I am new at BigCompany and have been given a subsystem & told to build it under Linux, since I was dumb enough to suggest unit test (there has never been a unit test & all builds are currently for an ARM processor).
Some code, which no one knows anything about, uses GStreamer. It has statements like
#include "gst/gst.h"
#include "gst/gsttaglist.h"
which give the GCC error
fatal error: gst/gst.h: No such file or directory
I grepped and found it in
/opt/tooling/imx6-staging/DI_BINARY_REPOSITORY_IMX6_LINUX_14.0F46/usr/include/gstreamer-0.10/gst/gst.h
so I went to project Properties/C & C++ General/paths and symbols and added
/opt/tooling/imx6-staging/DI_BINARY_REPOSITORY_IMX6_LINUX_14.0F46/usr/include/gstreamer-0.10
to the path. The error persisted.
I also tried adding gstreamer-0.10
to the libraries, but to no avail.
How do I get this to compile in Eclipse CDT?

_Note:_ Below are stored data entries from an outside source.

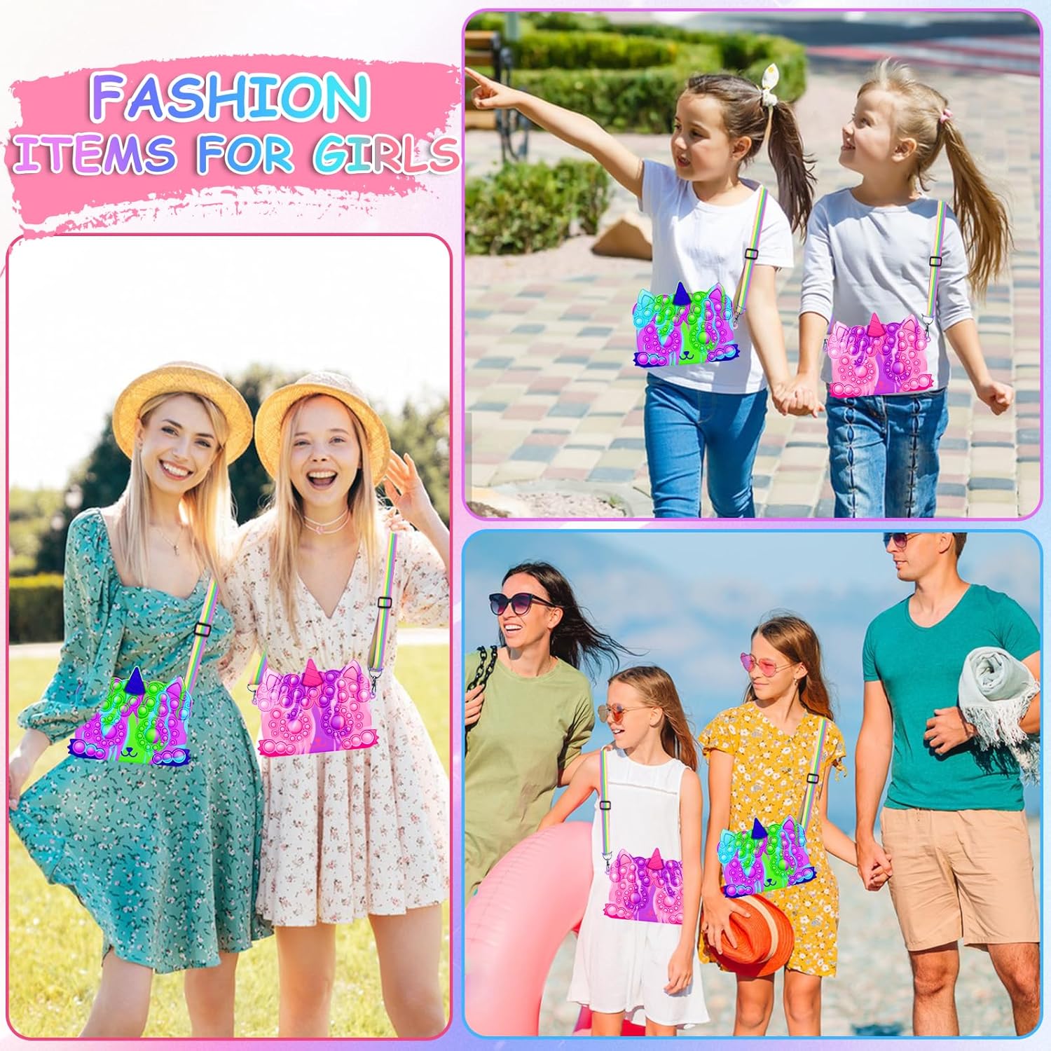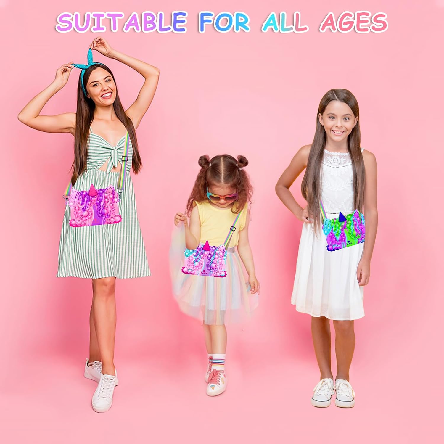 - Great Sensory Fidget Toys: 2 Pack Unicorn Purse Pets- A push bubble fidget toy, A purse wallet and A shoulder bag (3 in 1). Pressing the bubbles on the bag will make "POP" sound which is attractive. The push bubble shoulder bag is the most popular designed for stylish girls and kids. Suitable for girls of all ages.
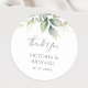 Autocollants de remerciement de mariage magnifiques avec eucalyptus aquarelle et feuilles dorées.
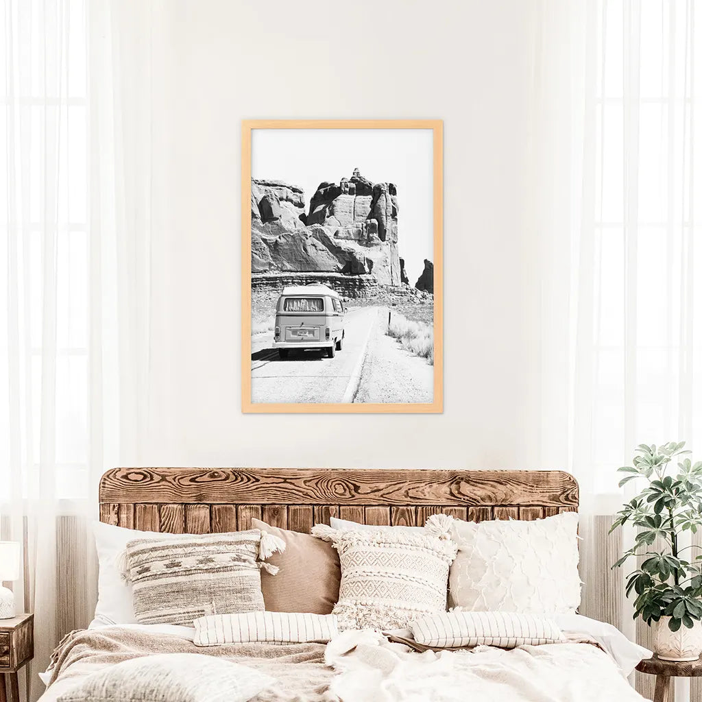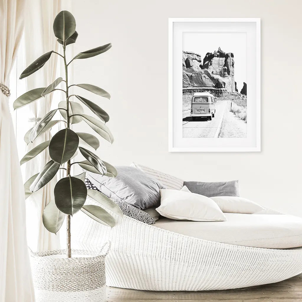 Hang this black and white poster in your home to enjoy this enchanting Utah desert landscape every day. This retro van camper photo will make a great addition to your interior.

You're doing the right thing, and what Scooter describes is correct. However I'd add that in my experience, tracking down all the GStreamer and GLib paths is a pain and it always seemed like Eclipse didn't like when I added them manually.

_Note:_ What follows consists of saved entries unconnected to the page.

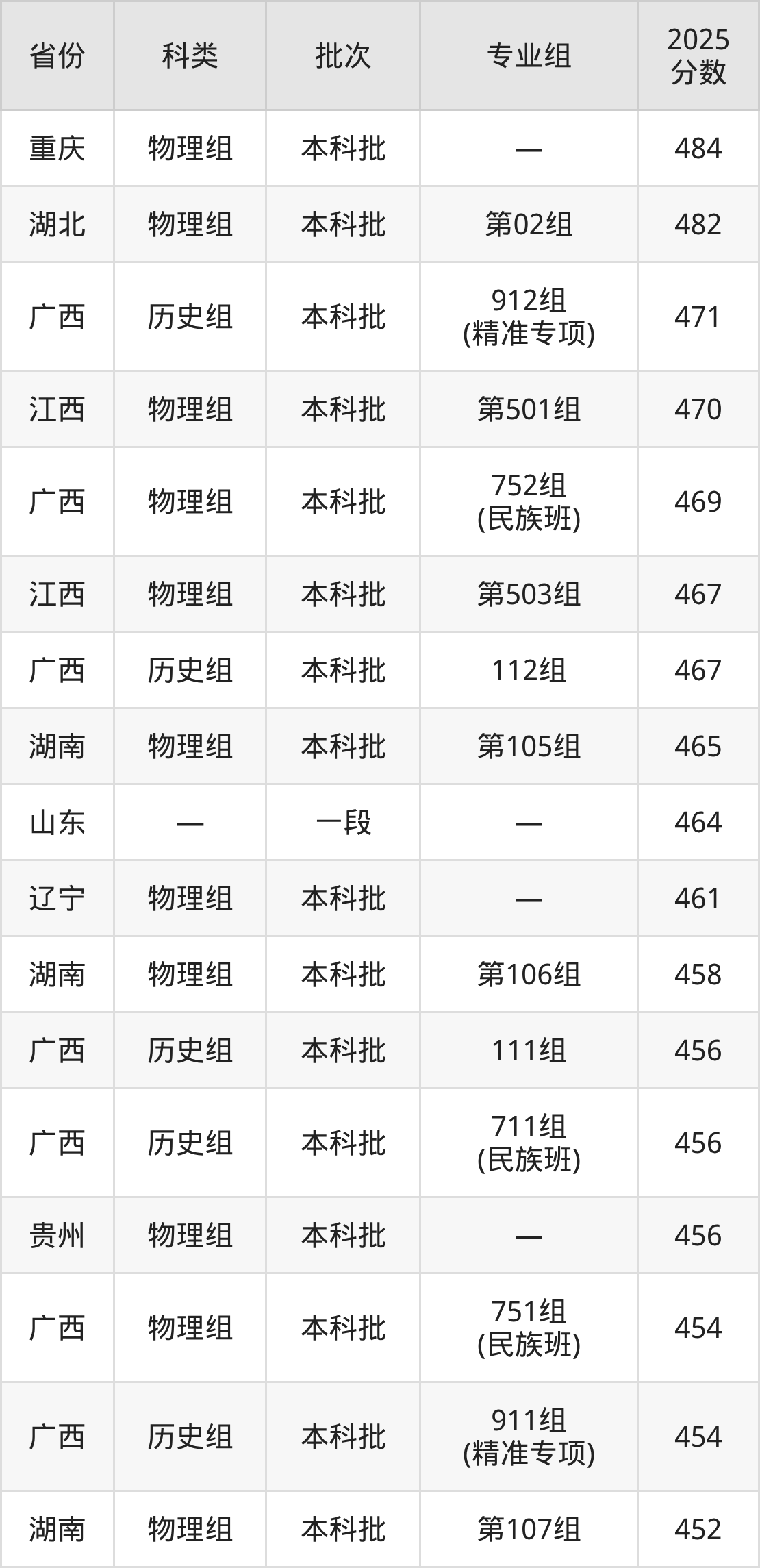 下面是广西科技师范学院2025年在全国各省的录取分数线一览表,供参考:
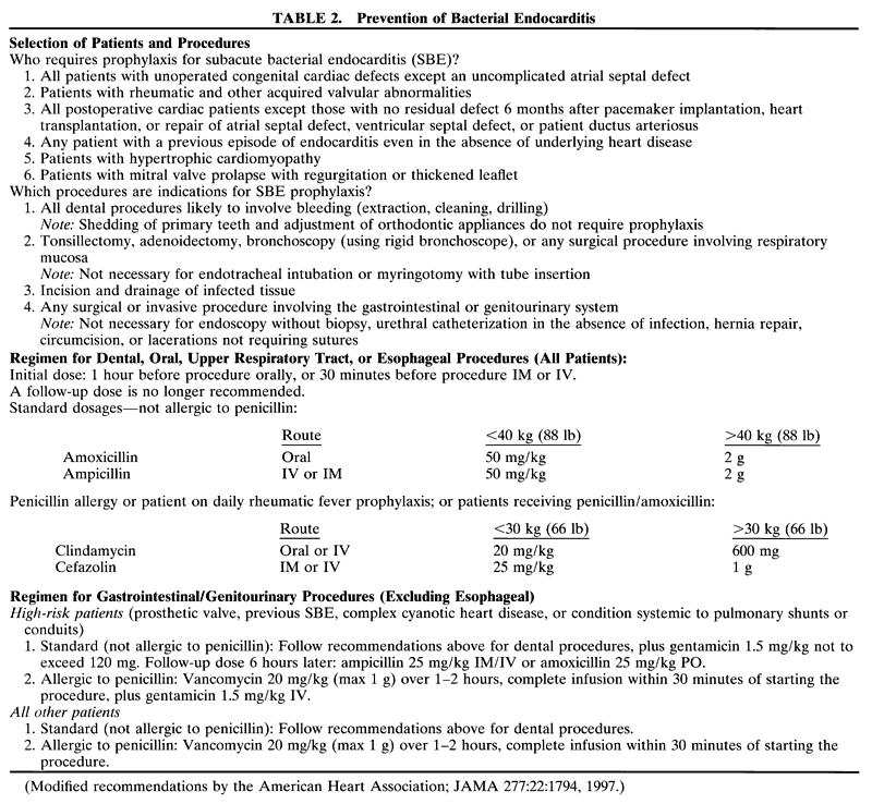 Preoperatively, antibiotics may be administered as prophylaxis against infection, especially for SBE in a child with congenital heart disease. Antibiotics may be administered intravenously immediately after induction of anesthesia and placement of the intravenous catheter and before intubation and start of surgery. Ampicillin, 50 mg/kg, is recommended; if an allergy to penicillin or cephalosporin antibi-otics exists, clindamycin (20 mg/kg) or vancomycin(20 mg/kg) is prescribed. Vancomycin can cause hypotension, so it must be administered over a 1-hour period (see Table 2).
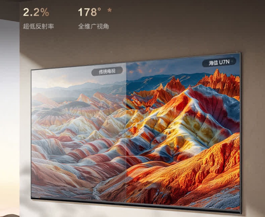 屏幕是电视画质呈现的直接载体,海信电视U7N系列搭载的黑曜屏,拥有2.2%超低反射率、178°全维广视角,无惧强光干扰,带来深邃黑不反光的效果,正看侧看都是C位,无论是观影、追剧、看比赛,还是打游戏,沉浸感都爆棚。
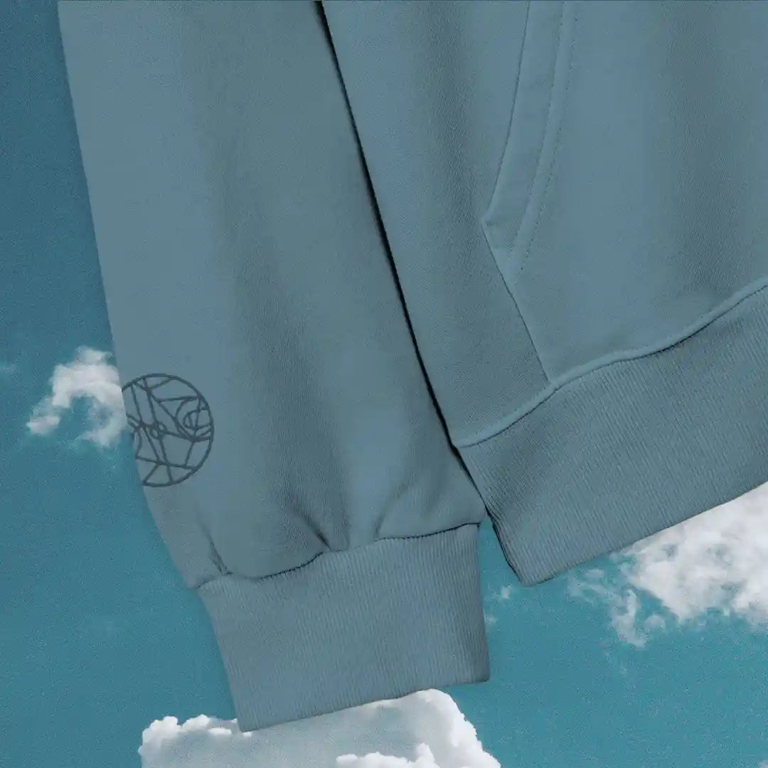 This hoodie has an oversized fit, drop shoulder, and no drawcord for a minimal appearance.

For our Eclipse/GStreamer projects the build tool we find most useful is CMake. It's a Makefile make tool that offers Eclipse project file generation also. So in a file CMakeLists.txt we'd have something like this:
cmake_minimum_required(VERSION 2.8)
project(myproj)
include(FindPkgConfig)
pkg_check_modules(GST REQUIRED gstreamer-app-1.0)
pkg_check_modules(LIBLOG4CXX REQUIRED liblog4cxx)
include_directories(${GST_INCLUDE_DIRS} ${LIBLOG4CXX_INCLUDE_DIRS})
link_directories(${GST_LIBRARY_DIRS} ${LIBLOG4CXX_LIBRARY_DIRS})
add_executable(myproj myproj.cpp)
target_link_libraries(myproj ${GST_LIBRARIES} ${LIBLOG4CXX_LIBRARIES})
Then from the command line, I point the environment to whatever pkg-config path I'm using and run cmake.
export PKG_CONFIG_PATH=/opt/whatever/pkgconfig
cmake --clean-first . -G "Eclipse CDT4 - Unix Makefiles"
Now open up the project in Eclipse. You may have to Index->Rebuild but after that it works great in my experience.
Another benefit of this is if you're working on a team project you don't have to create the Eclipse project files from hand for each project member, or try to share machine-specific project files across users.